Its charter is based on gender equality, freedom of belief, pluralism, secularism, communalism, human rights and peace.
This is an extraordinary achievement, given that it has taken root in a region stricken by conflict, and where the status of women has been so low for centuries. The Rojava constitution is a model for peace in Syria, respecting its diverse ethnicities and religions
Therefore, their exclusion from peace talks is unconstructive.
The involvement of the Syrian Kurds, including representation of their energetic women’s organisations, is vital if there is to be a sustainable peace. In a post-conflict Syria, all its people must be able to live together in harmony and with mutual respect.

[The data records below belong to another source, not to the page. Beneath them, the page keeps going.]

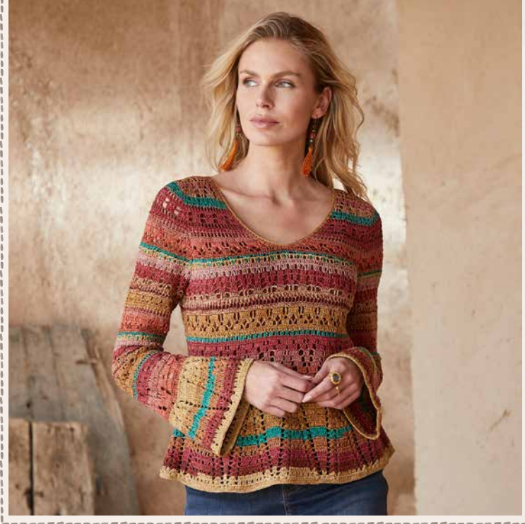
Zagora Top $598
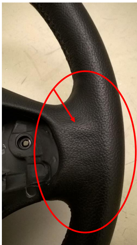
Not OK example - Leather steering wheel (base version) – blistering visible at the steering wheel clasp → covered by warranty
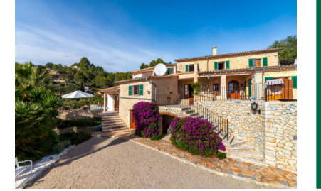
PORTA MALLORQUINA® Your home. Our passion.

The Syrian Kurds have said that they will not be bound by any decision that comes out of the January peace talks held in the Kazakh capital, Astana. These talks were the first to bring government and opposition delegations together since the UN-brokered negotiations in Geneva were suspended last year. The Kurdish militia groups, the YPG and the PYD, were not invited to these.
These groups should be recognised by us as reliable forces fighting ISIL on the ground. It was these young men and women who rescued the Yezidis from Mount Sinjar and seized back Kobane in 2015. These units are fighting not just ISIL, but also defending themselves from attacks by Turkey.
Moreover, the Syrian Kurds, let us not forget, have another enemy. For half a century, they have been victims of brutal oppression by Assad's regime and that of his father.
I am grateful to UNA-UK for inviting me to write this short piece. I hope very much that it will persuade its readers to use all their efforts, by lobbying MPs, to ensure that Kurds are represented in the next round of UN-hosted peace talks, and that the 'Rojava Miracle' is given the support it merits, for the sake of peace for all Syrians.